You will always belong to King’s – and you will always be welcomed back with open arms and true gladness on your return. But equally, King’s will always belong to you, in common with all the others who have signed the matricula. So continue to let us hear your voice about King’s and its future, as you have made it heard during the years of your degree. Do so understanding you also have an obligation, as members of a community always do: to stay engaged and informed on King’s so that you can contribute to its future and thereby to the futures of those who will be matriculated in the years to come. In doing so, share your love for King’s with those for whom King’s, with Dalhousie, is the right university. Do your bit to let more people in on the great hidden treasure that is King’s.

Encaenia means beginning or commencement. Part of what now begins is the new phase of your lifelong relationship with King’s, and with each other through King’s. With all of my Board colleagues and faculty and staff colleagues, and with all of our alumni, we look forward to that continuing relationship.
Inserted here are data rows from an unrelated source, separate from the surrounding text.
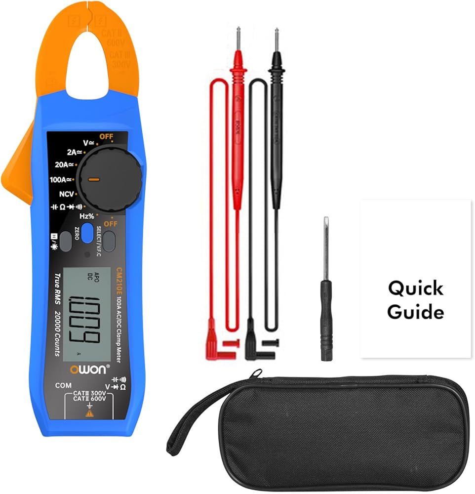 ⚡ OWON CM210E عبارة عن مقياس متعدد محمول باليد مزود بمشبك تيار متكامل. عن طريق مشبك التيار، يمكن قياس التيار المتردد والتيار المستمر حتى 200 أمبير بأمان. علاوة على ذلك، يمكن لهذا المقياس المتعدد أيضًا قياس جهد التيار المستمر/التيار المتردد والمقاومة والسعة. تعرض شاشة العرض التي يبلغ عددها 20000 ما يكفي لجميع التطبيقات الأساسية. يمكن استخدامها لقياس التيار المتردد/تيار مستمر، جهد التيار المتردد/تيار مستمر، المقاومة، السعة.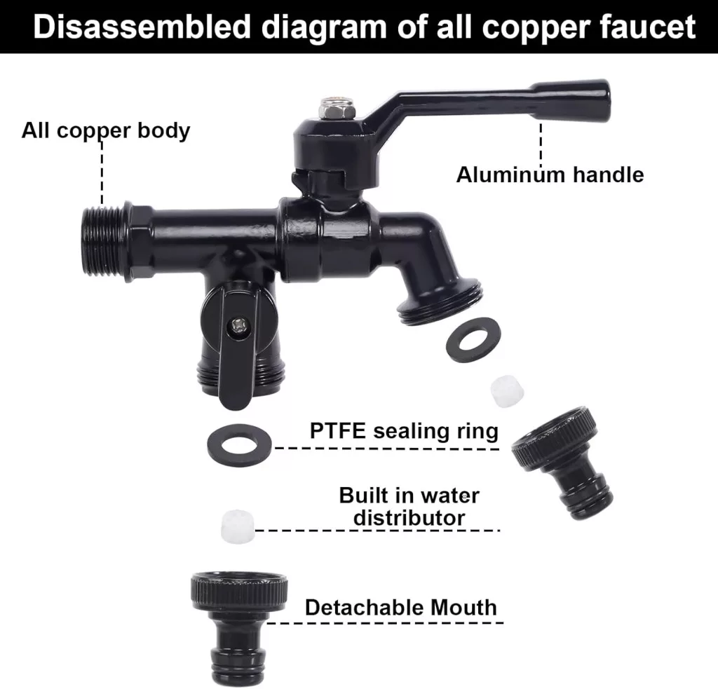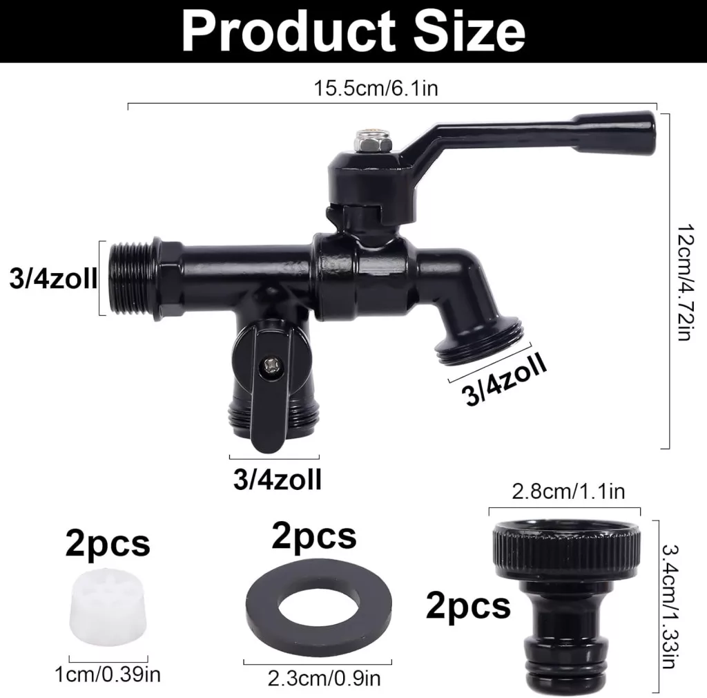 Cele două ieșiri separate de 3/4 inch vă permit să conectați două dispozitive diferite în același timp, fie că este vorba de un sistem de irigare a grădinii, o mașină de spălat, un echipament de spălare auto sau un rezervor colector de apă pluvială. Acest design practic economisește timp și energie, oferind în același timp flexibilitate maximă în utilizarea de zi cu zi.
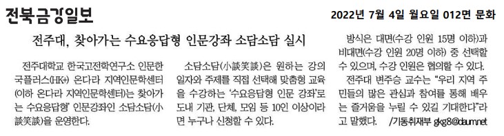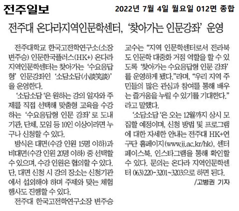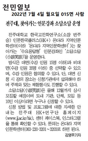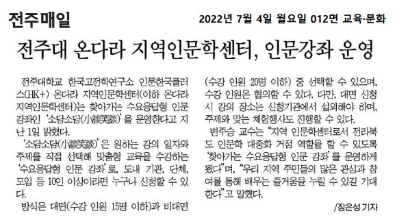 | 576 | 기타 | 전주대, 찾아가는 수요응답형 인문강좌 소담소담 실시 | 온다라 지역인문학센터 | 22-08-17 | 194 |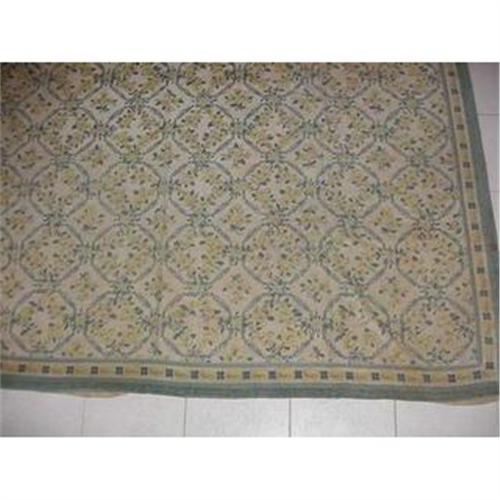 Flat Woven Carpet 10' x 9' 6". Aubusson, with all over floral motif, Green Yellow and blue on a cream field. Linen backing.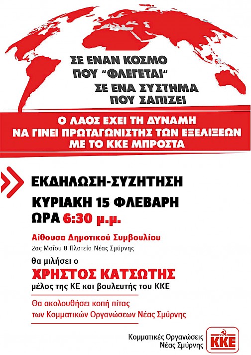 Πρόσκληση σε Εκδήλωση – Συζήτηση ΚΟ Νέας Σμύρνης του ΚΚΕ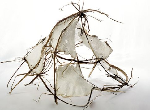 « Les objets délicats et légers en papier sont un défi attractif. Rien n’y contribue, l’air fait partie des oeuvres d’art, les trous soulignent la tendresse. Le blanc du papier contraste avec les matières sombres de la nature ou les pièces de fer rouillé de la casse, la légèreté contraste avec le lourd. Les œuvres sur papier respirent un esprit d’inspiration lumineuse, sont comme des êtres naturels qui fredonnent, tourbillonnent et racontent tranquillement, ils pourraient faire des sons. »

We hope you do also.

Matriculation ends with the President saying, “Auctoritate mea, admitto discipulos in Universtate nostra Collegii Regalis. Servate leges praeceptaque; fovete traditiones eius preaclaras”. It means,

By my authority (my favourite bit), I admit you as students in our University of King’s College. Keep her rules and precepts; cherish her excellent traditions.

Graduands, as you embark on your new adventure of life after King’s and Dalhousie, I close by repeating to you this part of the Matriculation ceremony, with some modification appropriate to the context, as follows:

Members of the class of 2019, go forth as members of “our” University of King’s College, keeping her rules and precepts and cherishing her excellent traditions on your ongoing journey of living for others and becoming human.

Enjoy this wonderful day which you have made…and congratulations.